Thursday 11 December 2014

Oil, racing to the bottom of a well

"The low oil price is also putting pressure on the cartel of OPEC. I have seen reports that many of the countries are selling more oil than their quota, I see that Kuwait are offering a discount on their oil and add to that conflicting views on whether they should cut their production or not. Cutting production will boost the price of oil but then makes the more marginal shale oil operations profitable again, which means that OPEC will just lose market share and not boost their revenue by much, if at all."




To market, to market to buy a fat pig. OUCH! The S&P was down 1.5% to a 5 week low yesterday. The reason given for all the red (blood of the bulls) is the drop in the oil price, which is now sitting at 5 year lows at around the $63 level. OPEC have said that the demand for their oil is forecast to be the lowest since 2003 and the US said that they had an unexpected increase in the supply of oil. On the open this morning Sasol in now solidly below the R400 mark, which is a very far way from the R640 level they were trading at in September (down 36% in the last 3 months!). The saving grace so to speak for Sasol is the weak Rand which is around R11.55 as I write this. The more that the US economy grows and goes from strength to strength, the sooner a rate hike is expected which translates into more money flowing into the US. The result is a stronger dollar and a weaker Rand.

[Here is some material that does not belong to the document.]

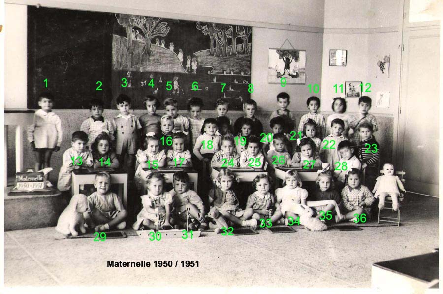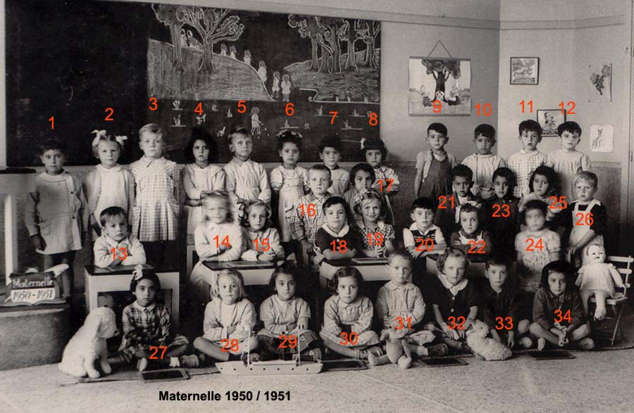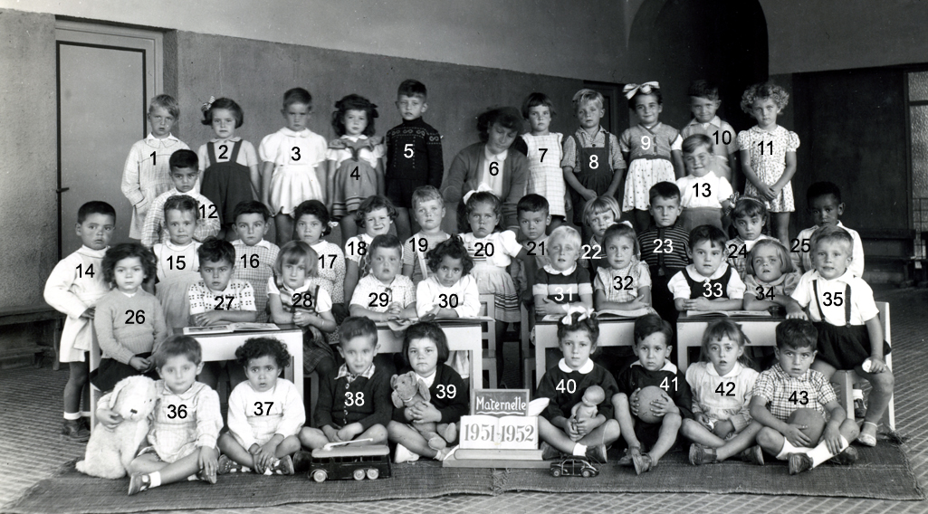 ![]() | 1950 - 1951 3 - POLI Félix 14 - PEREZ Vincente 15 - LEVRAT-HUYEZ Marie-Berthe 16 - CERRUTI ? 17 - ESPOSITO Monique 18 - KAROUTCHI Jimmy 22 - DE MARIA Jean-Paul 23 - LAPONTERIQUE Daniel 27 - ALESSI ? 31 - HOUZÉ Bernard 32 - HOLL Cathy 34 - LARAKI Lili 35 - MARCO Jacqueline (Photo transmise

The low oil price is also putting pressure on the cartel of OPEC. I have seen reports that many of the countries are selling more oil than their quota, I see that Kuwait are offering a discount on their oil and add to that conflicting views on whether they should cut their production or not. Cutting production will boost the price of oil but then makes the more marginal shale oil operations profitable again, which means that OPEC will just lose market share and not boost their revenue by much, if at all. There may now be an energy OPEC meeting in the new year. The cartel pushed oil prices to levels higher than they should have been and the response was to attract new participants into the market, I would say that this is capitalism at work. It may take a while for things to right themselves but they do in the long run. What did Keynes say? "In the long run we are all dead". Considering that life expectancy is now around 20 years longer than the start of the 20th century, the words "long run" mean more.

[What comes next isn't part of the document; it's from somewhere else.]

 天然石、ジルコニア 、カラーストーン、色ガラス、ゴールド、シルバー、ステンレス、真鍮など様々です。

An interesting scenario that could come about due to low oil prices is lower commodity prices for longer. The theory that I heard is that the lower oil price means that commodity producers now love lower production costs which means that the marginal players can now afford to stay in the market, which means that supply does not drop off. With supply not dropping off prices will go sideways until demand gets to a point where it is greater than supply, which is most likely a couple of years away. The market will normalise so to speak, volatility will drop off and the "true" value of commodities and the companies that produce them will become "clearer".

From dirty oil to the glitz of Hong Kong and Richemont. Police began clearing the main protest site today, where they have had little resistance, the crowds thinned before police moved in. This is good news for the shopping in Hong Kong and by extension Richemont. Just in time for the Christmas shopping rush and would be part of the reason for the strong run in the Richemont share price recently.




Company corner snippets

Considering that it is December, the last 24 hours have been busy. I thought things were meant to be quiet on the corporate action side of things? Maybe the last push to get things done before the weekend when even more people will be heading to the coast, bush and mountains.

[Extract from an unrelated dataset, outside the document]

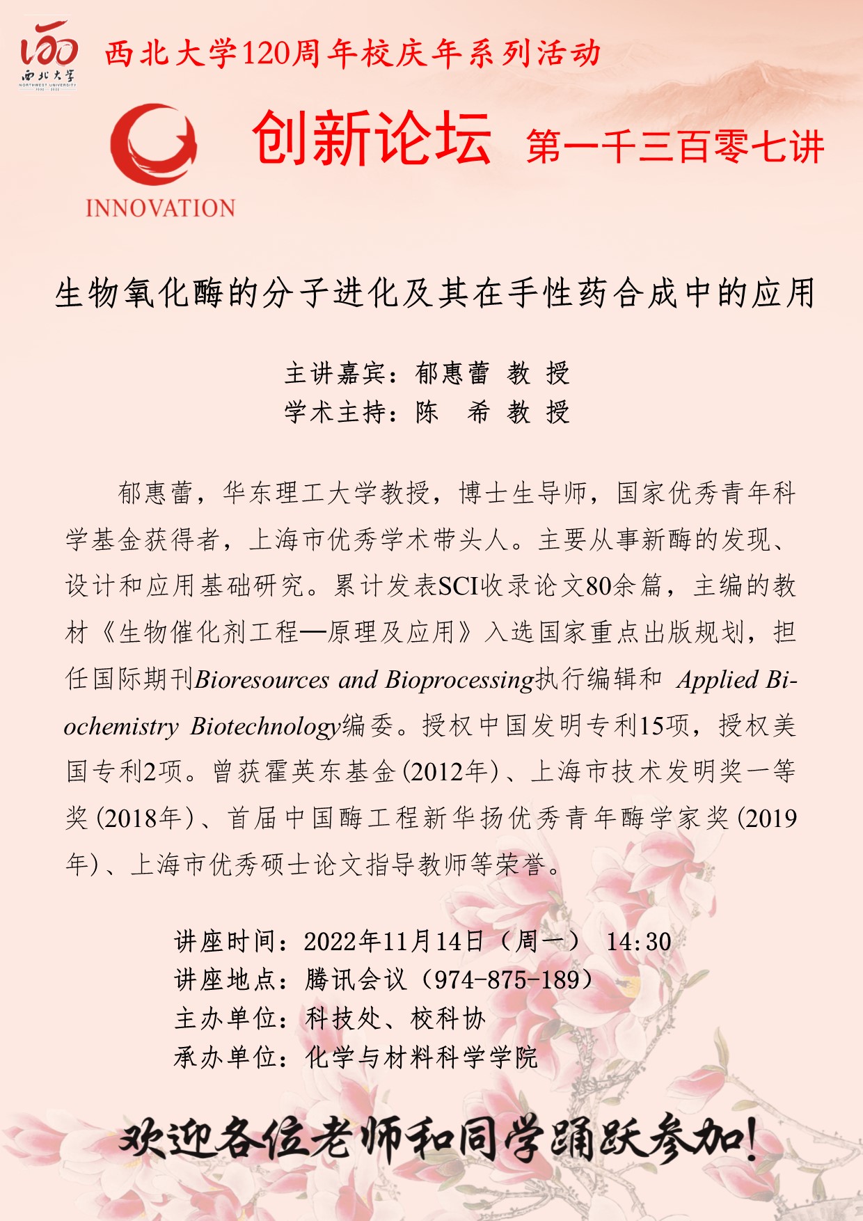 郁惠蕾 教授 bat365正版唯一官网创新论坛第一千三百零七讲暨120周年校庆年系列活动: 生物氧化酶的分子进化及其在手性药合成中的应用 讲座时间 2022年11月14日(星期一)14:30 讲座地点 腾讯会议(974 875 189) 讲座人介绍 郁惠蕾 教授 讲座内容

Ellies have announced that they are expected to make a loss this period of between 10 and 15 cents, compared to the corresponding periods profit of 25.27 cents. They have also given further details of their proposed rights issue which they were talking about in October. I suppose they are striking while the iron is hot, load shedding is the new normal and people are buying more generators, good for Ellies. The stock is up around 30% over the last week, down 6% today though. Ellies will be raising R 115 million by issuing 30 shares for every 100 owned at a price of 110. At current share price level of 140 the discount on the rights works out to around 20% but given the volatility there may not be a discount at the take up day. The last day to trade to be eligible for rights is the 23 December and the last day to trade the rights is the 9 January. Management have said they will follow all their rights and will underwrite further shares, which is them saying that they have faith in the company. Putting their money where their mouth is!

PPC issued a Cautionary Announcement yesterday saying that AfriSam have proposed a merger between the two companies. I wonder if this proposed merger was know to management and had some influence in the fight between Ketso Gordhan or maybe AfriSam have seen an opportunity now that PPC is weak so to speak. The big hurdle to the merger will be from the competition authorities, two heavy weights in the industry merging won't be something they want to see.

African Bank issued a Renewal Of Cautionary Announcement, Further Update On The Curatorship Of African Bank And Proposed Restructuring. The main points of the SENS are that they will not be splitting off the "bad bank" to the SARB and will just wind down the bad book in the current company. The "HoldCo" will not be listed as soon as originally proposed and will only be listed when "New Co" gets traction and all the listing requirements have been met. The curators didn't want the listing process to delay the process of getting the bank back on its feet. Our feel in the office is that if you own ABIL shares at the moment, you won't receive anything for them, you will just get a discount on the purchase of "HoldCo" when it lists. So you will have to put money in to realise any benefit from your current shares, and that would be assuming that the share price does not drop on listing day.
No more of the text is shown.